I have been thinking a lot about friendship within Vox. Since I am new to social networking, the idea of making friends online with people I have never met is forcing me to evaluate the very idea of what makes someone my friend.
In real life I am not a person with a thousand friends. I have a small number of very dear friends. The kind of friends who would bail be out of a Mexican prison (although this has not been tested), let me sob on their shoulders (yes, I'm sure about this one) and who often care about me more than I care about myself. Some of my friends are just like me, with small circles of close friends, and some of my friends are social butterflies that belong to giant circles.
I like thinking about these groups of friends as circles, although it's not very original, in part because I like the visual idea of circles that link up to make chains of interconnected people. My little Vox community is part of that chain, and it overlaps and intersects with others. (This is the part where everyone should start singing "I'd like to buy the world a coke.") And when I am forming links with new people, I usually start by exploring the connections of my friends.
Having people in my "neighborhood" is a relatively easy concept for me now (although I was a little confused at first). I find people, or they find me, and we connect. Usually the connection goes two ways, but not always. I like to learn about the people I am connecting with so that I am sure that their words/pictures/view of the world will enhance/change/fit with my world as seen through Vox. If a person who hasn't written much in their blog connects to me, chances are good that I will wait a bit before connecting back. I am happy that they connected to me, and I will probably connect with them too, but I don't do it automatically. I read them, and/or look at their pictures to see who they are.

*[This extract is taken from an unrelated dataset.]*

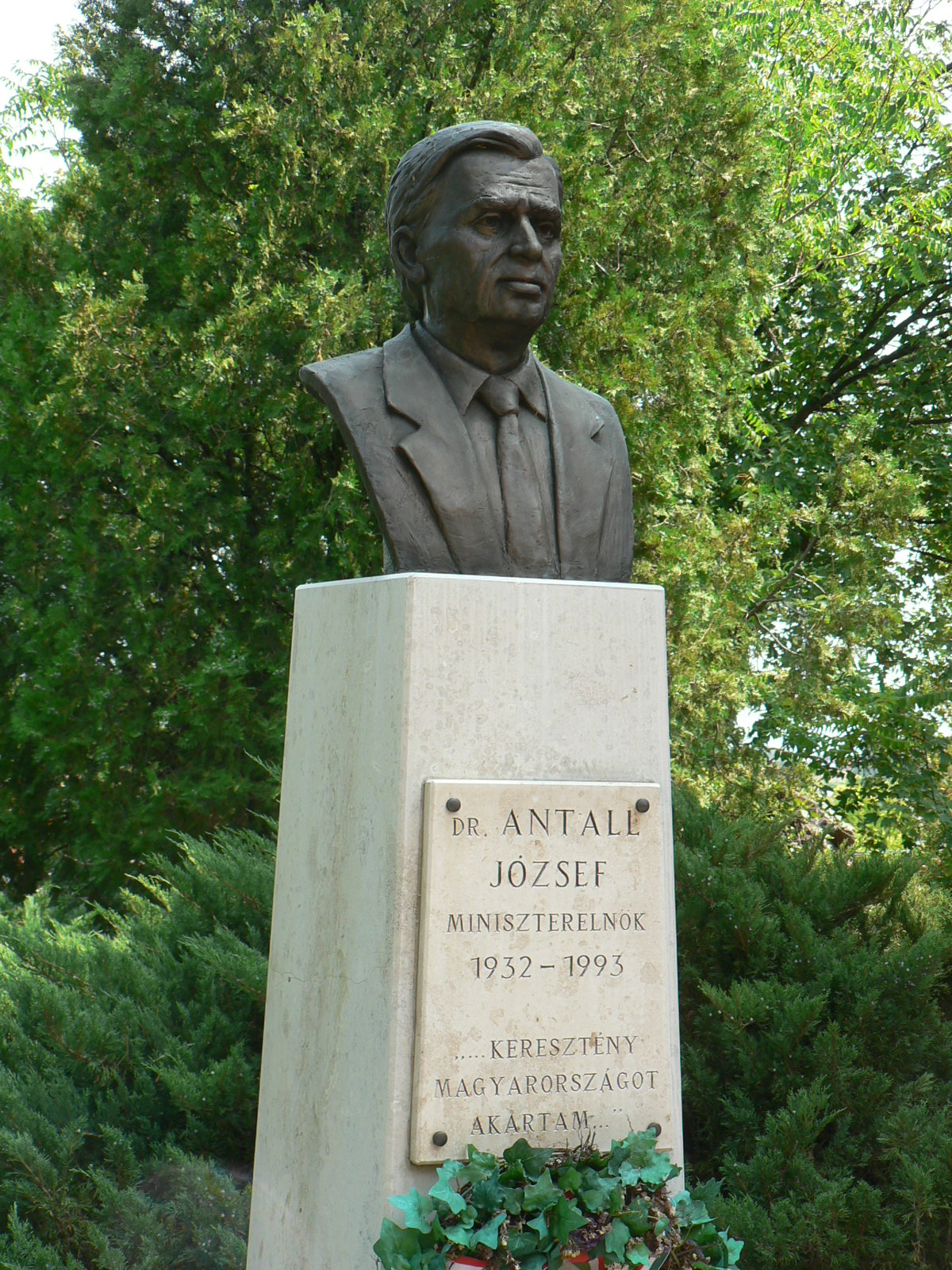 Antall József szobra Paloznakon
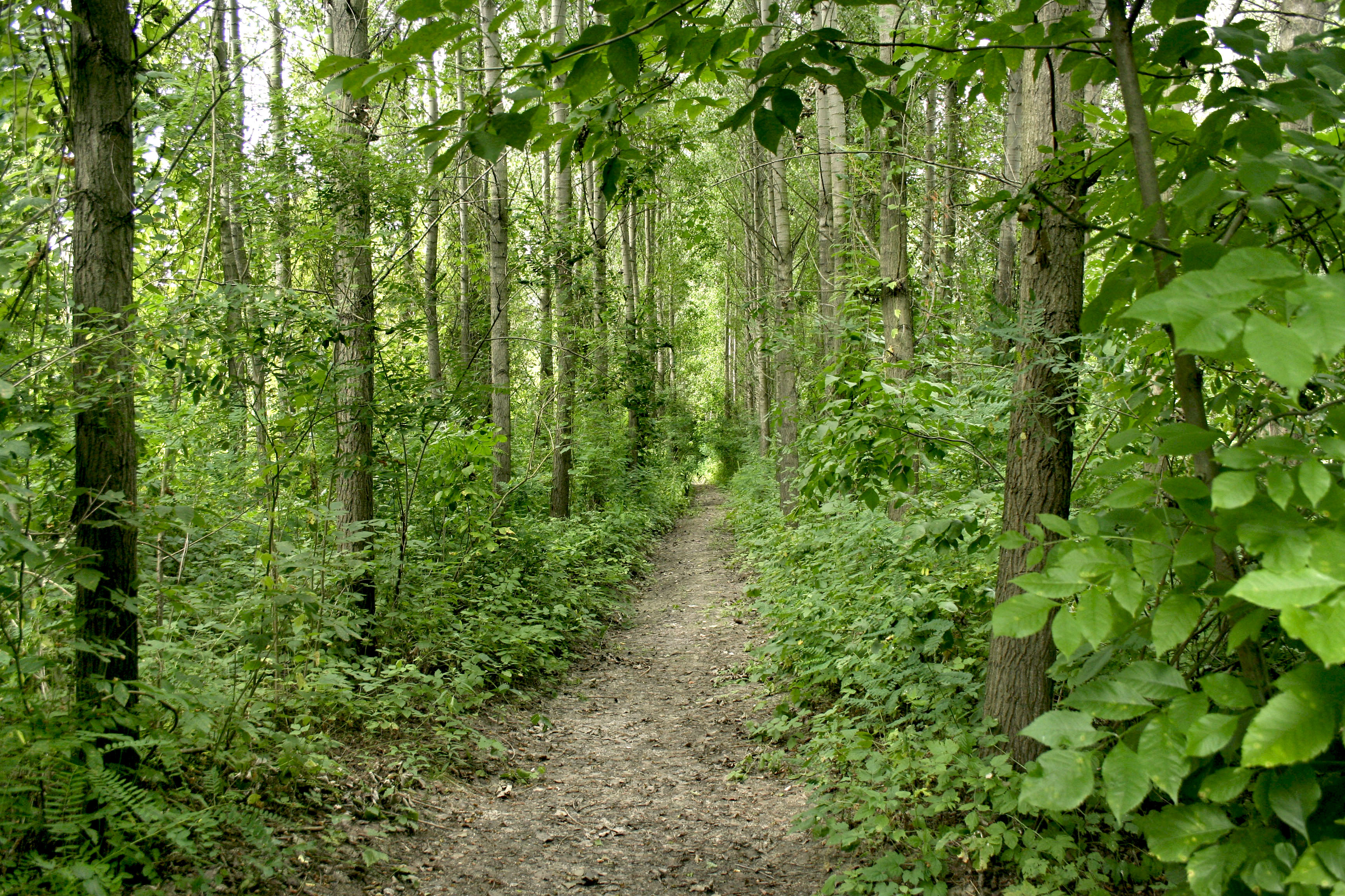 Tisza River - artificially planted forest - dry weather, floodplain near Algyoe Hungary

I do this because I know that one day Vox will be filled with hundreds of thousands of people - hopefully millions of them. And if I connect to them all I will have a tidal wave of posts to read and keep up with every day. On the one hand the diversity of this approach is extremely appealing and yet the sheer number of posts that would result feels overwhelming. There are only so many hours in a day, and Vox is already getting quite a lot of them (which is why my husband started calling me a "blogger").
"Friendship" ups the ante for me considerably. Early on, when the only way to read someone was to befriend them, everyone I encountered became a friend. My definition was very open - much more open than in my life offline. Over time, as my circle of people grew and the privacy tools were put in place, I started to think about separating my posts by audience. At some point I realized that I needed my Vox rules of friendship to map closer (but not exactly) to my rules of friendship in real life.
One of my Vox rules of friendship is that it be a two-way street. This comes directly from my life and means that if I have marked someone as my friend, and they haven't after a few weeks or months reciprocated, then I will reevaluate the "friendship." Perhaps I like them more than they like me? Perhaps their definition of friendship is more stringent than mine? In the end, of course, I have no idea. I only know that I am revealing personal posts to someone who is not comfortable revealing personal posts to me. And when I put it to myself that way, I start to feel uncomfortable revealing so much. At which point I often change the friendship status to put them back in the neighborhood. After all, I still like reading them. And perhaps later things will change again and we will befriend each other. Vox, like life, can be like that.
I realize that my rules are my own and possibly don't reflect the rules of any other person around me - even my friends. It's also possible that my way of approaching friendship is out of sync with social networking in general and that over time I will need to adjust my rules to fit the medium. Perhaps it's my demographic (older, married with small children) rearing its ugly head. I don't know. But I'm curious enough to keep going forward, making connections and (hopefully) new friends along the way, so that I can find out.